Personal information
- Full name: Samuel Robert Foley
- Date of birth: 17 October 1986 (age 39)
- Place of birth: St Albans, England
- Height: 6 ft 0 in (1.83 m)
- Position: Midfielder

Team information
- Current team: Chester

Senior career*
- Years: Team / Apps / (Gls)
- 2006–2008: Cheltenham Town / 0 / (0)
- 2008: → Bath City (loan) / 6 / (2)
- 2008–2009: Kidderminster Harriers / 0 / (0)
- 2008: → Redditch United (loan) / 7 / (2)
- 2009: → Newport County (loan) / 14 / (4)
- 2009–2012: Newport County / 118 / (32)
- 2012–2015: Yeovil Town / 88 / (7)
- 2014: → Shrewsbury Town (loan) / 9 / (0)
- 2015–2017: Port Vale / 77 / (7)
- 2017–2019: Northampton Town / 60 / (4)
- 2019–2021: St Mirren / 38 / (1)
- 2021: Motherwell / 4 / (1)
- 2021–2022: Tranmere Rovers / 39 / (1)
- 2022–2026: Barrow / 123 / (7)
- 2026–: Chester / 5 / (0)

International career
- Republic of Ireland U18

Managerial career
- 2026: Barrow (interim)

= Sam Foley =

English footballer (born 1986)

Samuel Robert Foley (born 17 October 1986) is a professional footballer who plays as a midfielder for club Chester. Born in England, he represented the Republic of Ireland at youth level.
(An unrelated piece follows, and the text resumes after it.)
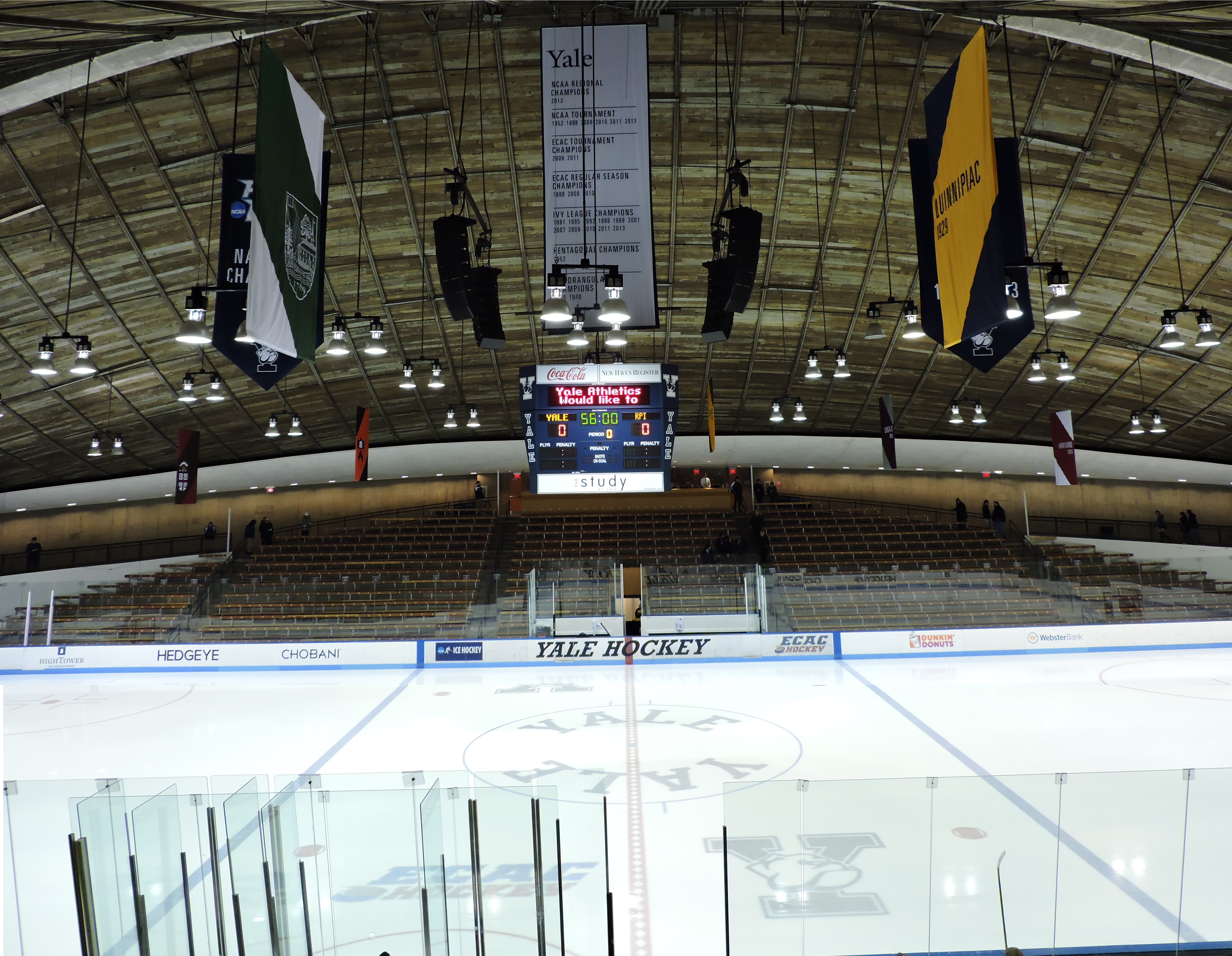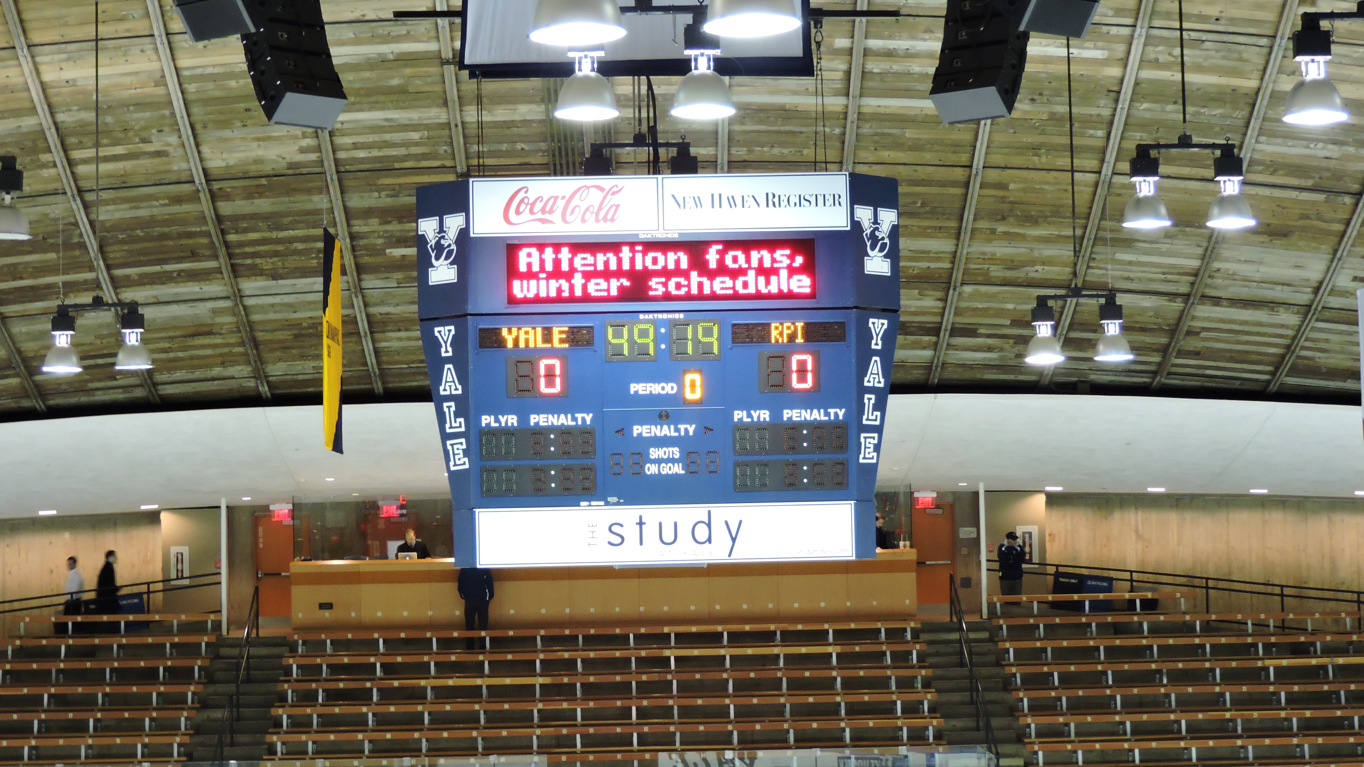 Above center ice is a four-sided blue board that came with the 2010 renovation and is a nice fit in the arena. A dot-matrix board at the top scrolls ECAC scores during the game. There are some advertisements, while the corner panels say “Yale” with the Y logo.

A former Republic of Ireland youth international, he began his career at Cheltenham Town. Though he played on loan at Bath City, he left Cheltenham in 2008 without making a first-team appearance. He then spent a year with Kidderminster Harriers, who in turn loaned him on to Redditch United and Newport County. He joined Newport in June 2009 and helped them to win the Conference South title in 2009–10 and to the 2012 FA Trophy final. He returned to the English Football League with Yeovil Town in July 2012. He played in the club's 2013 League One play-off final victory that took them into the Championship. He lost his first-team place in the 2013–14 season and joined Shrewsbury Town on loan before winning Yeovil's Player of the Year award in the 2014–15 season as the club dropped into League Two. He joined Port Vale in June 2015 and left after two seasons to join Northampton Town in May 2017, where he would remain for another two seasons. He joined Scottish club St Mirren in August 2019 and was named the club's Player of the Year for the 2019–20 season. He spent the second half of the 2020–21 season at Motherwell, before returning to England with Tranmere Rovers in July 2021. He joined Barrow in July 2022, where he was named interim manager in March 2026. He resumed his playing career at Chester four months later.

==Career==
===Early career===
Foley signed a two-year professional contract with Cheltenham Town in 2006. However, he spent much of time at Whaddon Road out injured with osteitis pubis and never made a first-team appearance for the "Robins". He spent part of the 2007–08 season on loan at Conference South Bath City. He scored two goals in seven appearances for the "Romans".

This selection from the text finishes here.